» **YOUR INSTRUCTIONS**
Copy all the lines of the listing below exactly. Skip the images.

» **DATA SEGMENT**
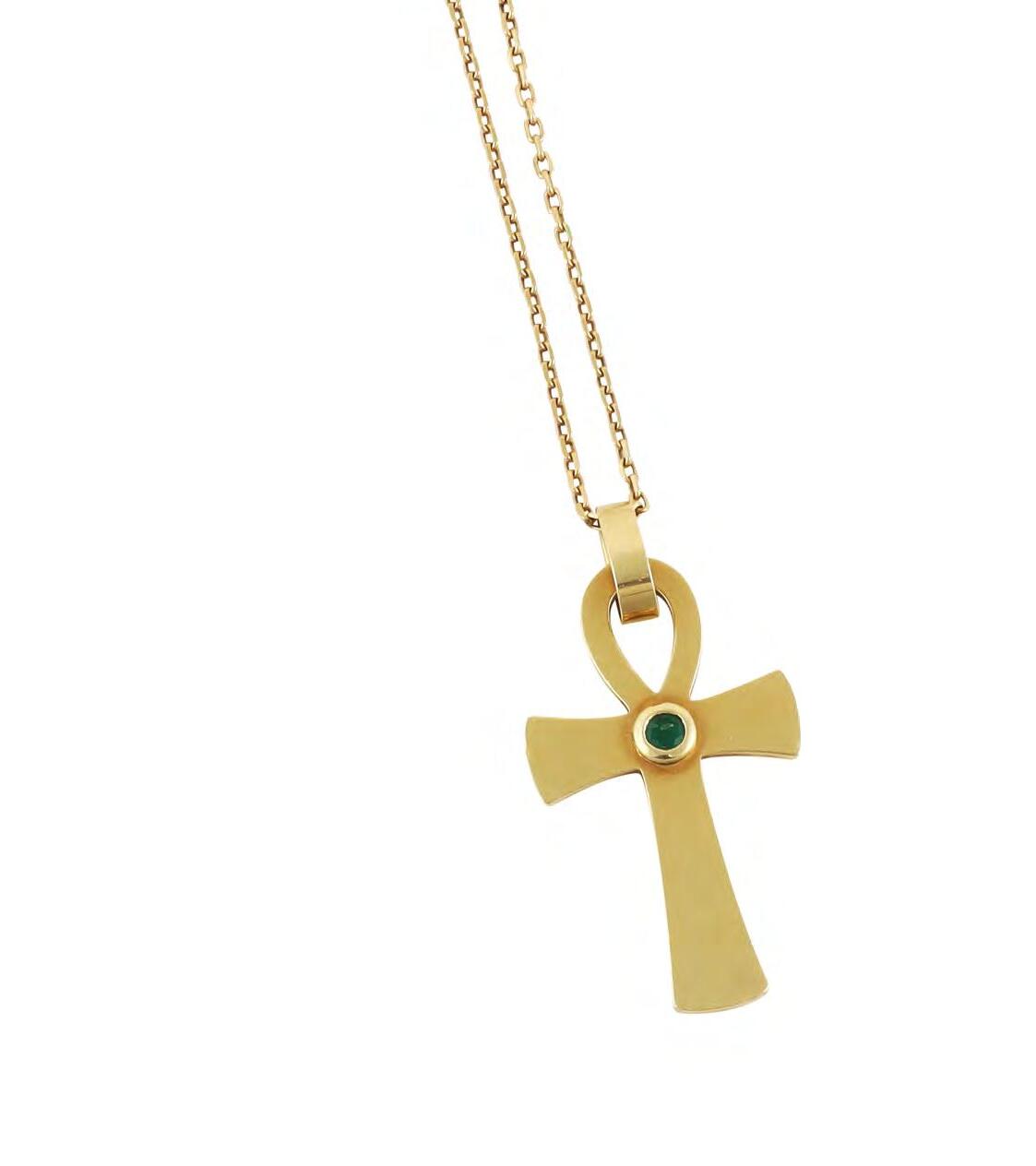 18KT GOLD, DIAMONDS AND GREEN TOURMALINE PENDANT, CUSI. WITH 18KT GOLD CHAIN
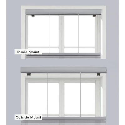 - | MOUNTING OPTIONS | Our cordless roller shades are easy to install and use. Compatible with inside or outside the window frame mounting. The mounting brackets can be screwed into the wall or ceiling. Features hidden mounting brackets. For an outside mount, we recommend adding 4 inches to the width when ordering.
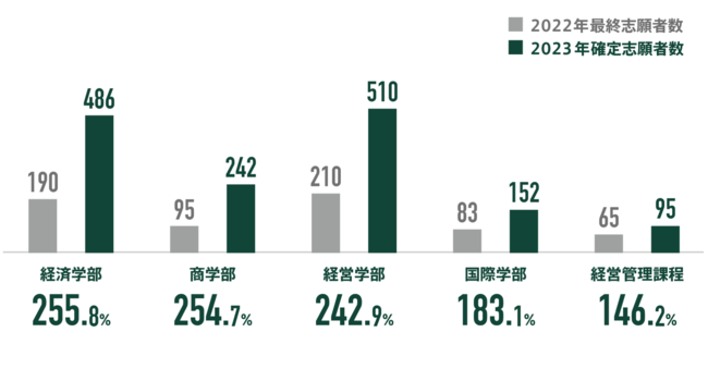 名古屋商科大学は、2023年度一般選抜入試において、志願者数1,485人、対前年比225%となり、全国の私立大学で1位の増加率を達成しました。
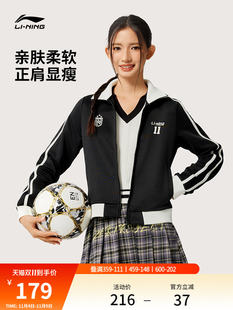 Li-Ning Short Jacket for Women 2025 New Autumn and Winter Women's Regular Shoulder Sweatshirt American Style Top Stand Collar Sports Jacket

» **ANSWER TO THE PROBLEM**
 18KT GOLD, DIAMONDS AND GREEN TOURMALINE PENDANT, CUSI. WITH 18KT GOLD CHAIN
 - | MOUNTING OPTIONS | Our cordless roller shades are easy to install and use. Compatible with inside or outside the window frame mounting. The mounting brackets can be screwed into the wall or ceiling. Features hidden mounting brackets. For an outside mount, we recommend adding 4 inches to the width when ordering.
 名古屋商科大学は、2023年度一般選抜入試において、志願者数1,485人、対前年比225%となり、全国の私立大学で1位の増加率を達成しました。
 Li-Ning Short Jacket for Women 2025 New Autumn and Winter Women's Regular Shoulder Sweatshirt American Style Top Stand Collar Sports Jacket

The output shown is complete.